Sampling Your Index Data#

In a nutshell: Based on the defined Collection Schema, sample multiple datasets using specified strategies to generate a mixed JSONL for unified one-time evaluation.

Output#

  • A single JSONL file (mixed samples) for subsequent evalscope eval.
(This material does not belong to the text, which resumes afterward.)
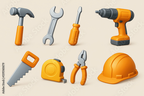 tool, construction, icon, three-dimensional, set, hammer, drill, wrench, screwdriver, plier, saw, tape, measure, hard hat, equipment, design, visual, craft, carpenter's shop, engineering, bricolage, home, repair, maintenance, collection, safety, utility, orange, hardware, labor, industry, mechanic, handy, essential, project, layout, job, instrument, object, graphic, creative, symbol, craftsmanship, building

  • Each line represents a standardized sample.

Field Description#

Field

Description

index

Sample sequence number (renumbered in the mixed set)

prompt

Original input structure (may include question / context / code, etc.)

tags

Merged tags (dataset’s own + upper hierarchy)

task_type

Task type or capability classification

weight

Leaf node normalized weight (for interpretation, not equal to actual sample repetition weight)

dataset_name

Original dataset name

subset_name

Subset or difficulty label (can be empty)

Example:

{
  "index": 0,
  "prompt": {"question": "What is the capital of France?"},
  "tags": ["en", "reasoning"],
  "task_type": "question_answering",
  "weight": 1.0,
  "dataset_name": "arc",
  "subset_name": "ARC-Easy"
}

Three Sampling Strategies (Formulas & Use Cases)#

Given:

  • Total sample size: \(N\)

  • Number of datasets: \(K\)

  • Schema weights: \(w_i\)

  • Original dataset sample size: \(m_i\)

1. Weighted Sampling#

Formula (expected sample count): $\( n_i \approx N \cdot \frac{w_i}{\sum_{j=1}^{K} w_j} \)$ Use case: You’ve expressed business priorities through weights and want “high-weight capabilities” to occupy more resources.
Characteristics: Reinforces values; if a dataset has much higher weight, it will dominate proportionally.

2. Stratified Sampling#

Formula: $\( n_i \approx N \cdot \frac{m_i}{\sum_{j=1}^{K} m_j} \)$ Use case: Preserve original distribution (e.g., let datasets with larger corpus sizes be more representative).
Characteristics: Doesn’t reflect business bias; avoids over-amplifying small datasets. Guarantees at least ≥1 sample per dataset.

3. Uniform Sampling#

Formula: $\( n_i \approx \frac{N}{K} \)$ Use case: Want each capability to have “equal voice,” facilitating model comparison across capabilities.
Characteristics: Ignores original size and weights; makes results easier for comparing individual capability weaknesses.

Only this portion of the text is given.